More results from Peru have Bear Creek Mining (BCM-V, BCEKF-O) thinking about building another silver mine in the South American country.
While it’s still early days for its Santa Ana project — a first resource estimate is due out soon — drill results from the most recent 15 holes look promising.
Highlights include 128 metres grading 70.4 grams silver per tonne in hole 48, including 32 metres of 171.9 grams silver and 1.2% zinc; 98 metres grading 75.2 grams silver in hole 50, including 14 metres averaging 100.7 grams silver; and 162 metres grading 56.9 grams silver in hole 55, including 20 metres at 105.5 grams silver.
Results come from 3,483 metres of drilling; the company has now drilled 113 holes for a total of 20,060 metres.

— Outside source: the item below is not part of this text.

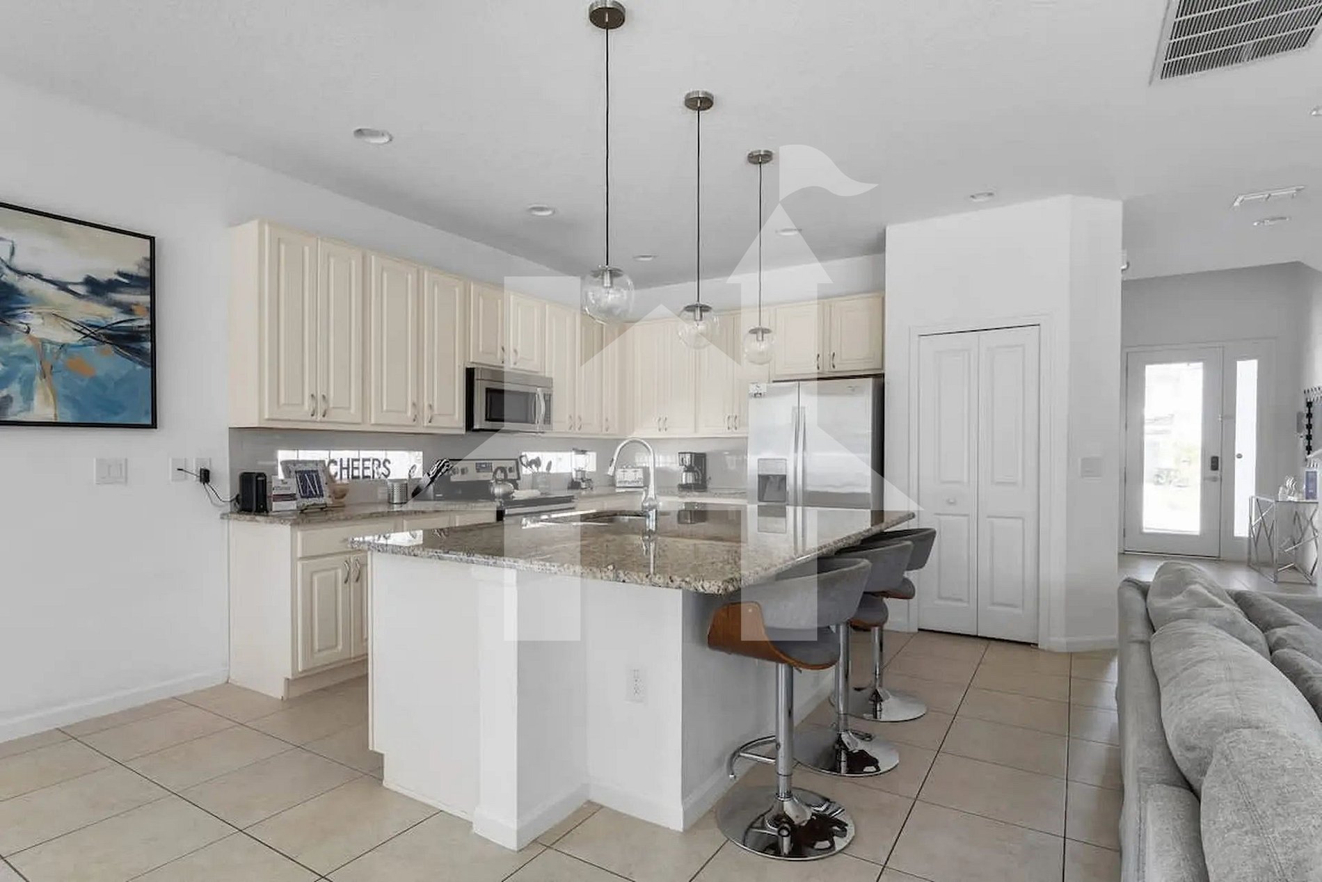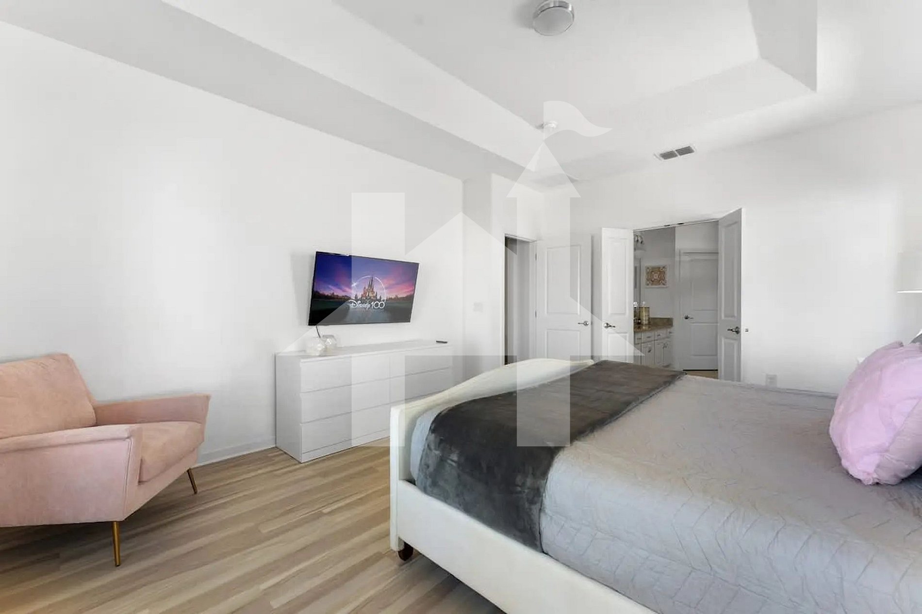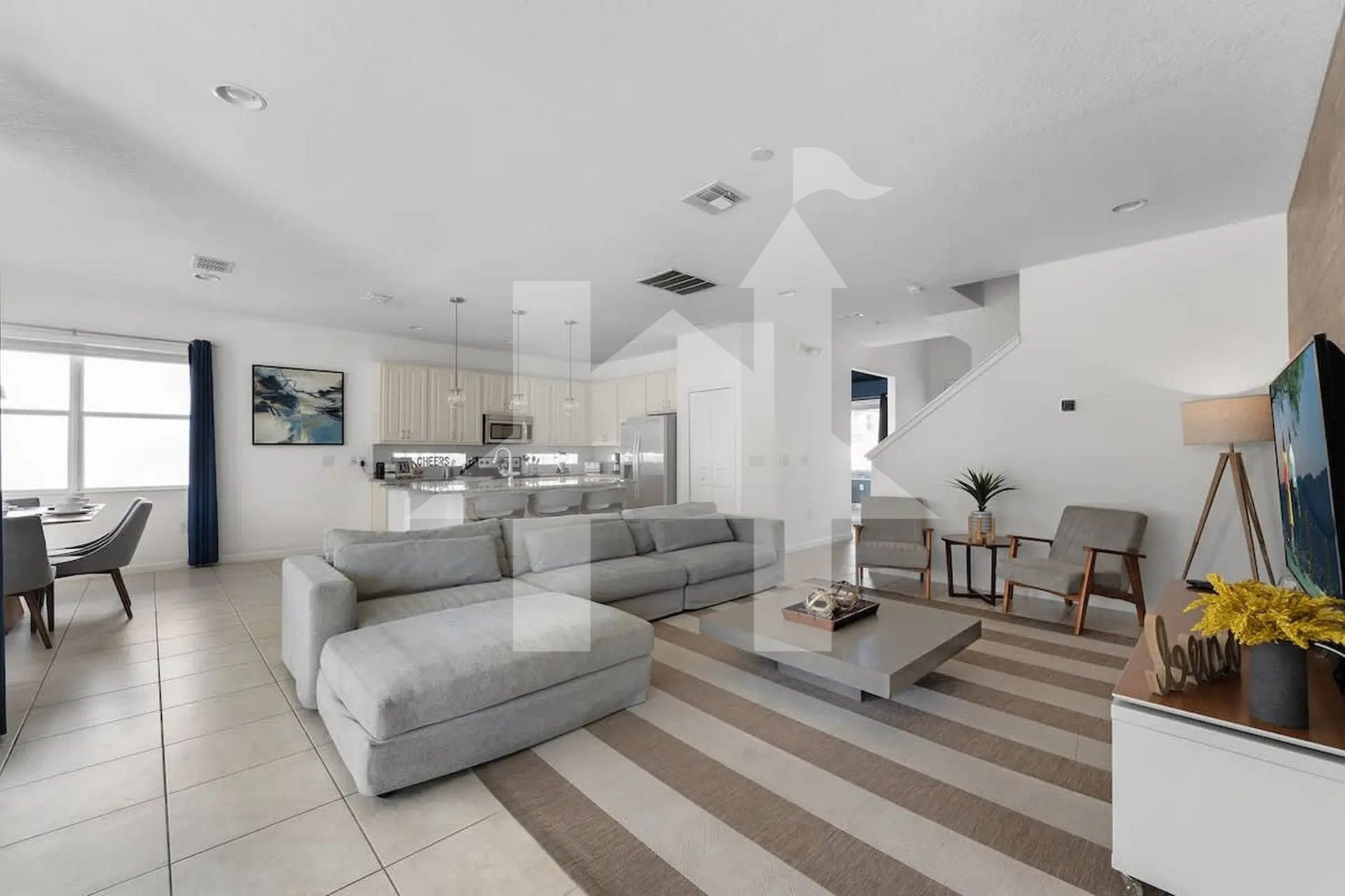Ampla e elegante casa de 5 quartos e 5 banheiros, perfeita para famílias e grupos, acomodando até 15 hóspedes com conforto. Conta com 3 camas king, 1 beliche (full + full + twin) e 1 beliche (full + full). Ambientes climatizados, cozinha completa e áreas de convivência integradas para momentos inesquecíveis. Ideal para curtir Orlando com espaço, privacidade, lazer e toda a comodidade de um lar.

The deposit is open in all directions and holes drilled 500 metres beyond the limits of the data used in the resource block model have intersected mineralization.
Andrew Swarthout, president and CEO of Bear Creek, said that preliminary tests point to low-cost, heap-leach extraction.
“Santa Ana presents a very developable, straightforward silver deposit with excellent upside potential,” Swarthout said.
Bear Creek says drilling is hitting high-grade structures within large halos of lower-grade heap-leach material, with indications that mineralization continues westward for another 200 metres beneath shallow, untested cover.
The Corani project, also in Peru, remains the company’s flagship project with 278 million oz. silver, 3.12 billion lbs. lead and 1.59 billion lbs. zinc, with another 40 million oz. silver in the inferred category.
Bear Creek shares have traded between $9.48 and $5.69 over the last 52 weeks, with roughly 46 million outstanding.